OS: Ubuntu 20.04.5 LTS
GPU: A100 x8
Python 3.9.16
Transformers 4.31.0
Accelerate 0.20.3

gfgkmn commented 8 months ago

I encountered the same issue, and after some debugging, I began to suspect that it might be caused by the hybrid-engine or perhaps due to switching between eval() and train() modes too frequently—although I'm not entirely sure why.

Here is my temporary solution:

For main.py

         for step, (batch_prompt, batch_unsupervised) in enumerate(
                 zip(prompt_train_dataloader, unsupervised_train_dataloader)):

@@ -491,12 +492,13 @@ def main():
                 prompts = prompts[:, length - args.max_prompt_seq_len:]
                 raise ValueError("Prompt length is too long")

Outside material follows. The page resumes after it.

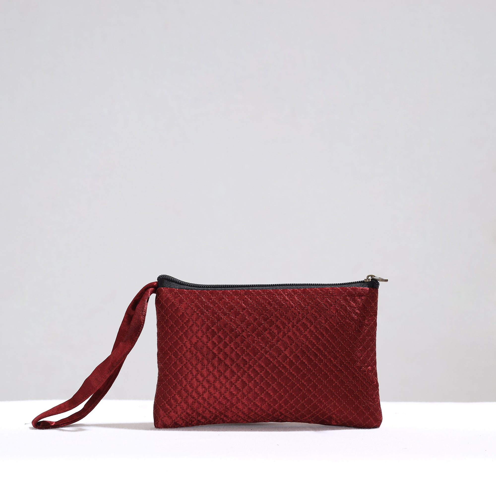 This maroon exquisite Pakko hand embroidery mirror work mashru silk mobile pouch is a wonderful piece of art, showcasing the traditional craftsmanship of the Kutch region of Gujarat. Crafted from sumptuous mashru silk, this pouch seamlessly blends heritage with contemporary elegance. It has a cotton fabric lining and a zip main closure. The pouch is designed with a convenient handle, making it easy to carry and secure your mobile device.

-            # alreay assert prompt.shape = base_prompt.shape
+            # alreay assert prompt.shape = reward_prompt.shape

+            trainer.should_switch_mode('eval')
             out = trainer.generate_experience(batch_prompt['prompt'],
                                               batch_prompt['prompt_att_mask'],
-                                              batch_prompt['base_prompt'],
-                                              batch_prompt['base_prompt_att_mask'],
+                                              batch_prompt['reward_prompt'],
+                                              batch_prompt['reward_prompt_att_mask'],
                                               step)

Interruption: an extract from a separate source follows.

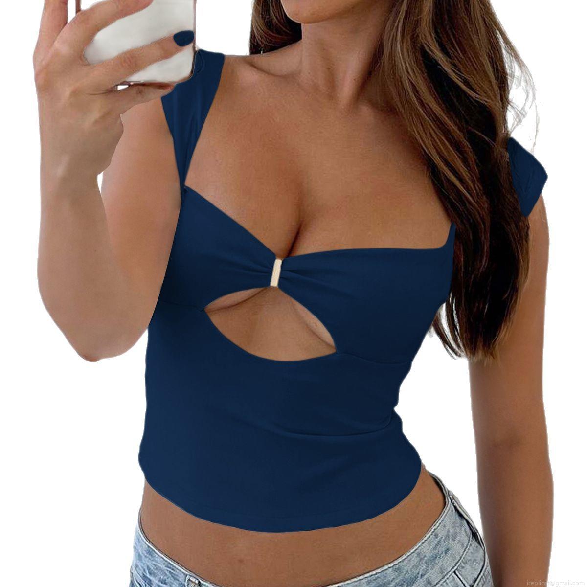 • Women Sexy Y2K Hollow Out T-Shirt Ribbed Knit Slim Fit Short Sleeve Top With Metal Buckle Solid Color Summer Streetwear Clubwear Tee

             training_start = time.time()
@@ -514,6 +516,7 @@ def main():
                 args.global_rank)

             if exp_dataset is not None:
+                trainer.should_switch_mode('train')
                 inner_iter = 0
                 actor_loss_sum, critic_loss_sum, unsup_loss_sum = 0, 0, 0
                 mean_kl_sum, mean_entropy_sum = 0, 0
@@ -592,6 +595,10 @@ def main():
                                       global_step=step)
                     writer.flush()

+            else:
+                continue

For ppo_trainer.py

@@ -71,11 +71,12 @@ class DeepSpeedPPOTrainer():
         self.gamma = 1.0
         self.lam = 0.95
         self.generate_time = 0.0
+        self.curren_mode = 'train'

+    def should_switch_mode(self, target_mode='eval'):
+        if target_mode == 'eval':
+            if self.curren_mode == 'train':
+                self.eval()
+                self.curren_mode = 'eval'
+        else:
+            self.train()
+            self.curren_mode = 'train'
+
+        
     def generate_experience(self, prompts, mask, reward_prompts, reward_mask, step):
-        self.eval()
         generate_start = time.time()
         seq, reward_seq = self._generate_sequence(prompts, mask, reward_prompts, reward_mask, step)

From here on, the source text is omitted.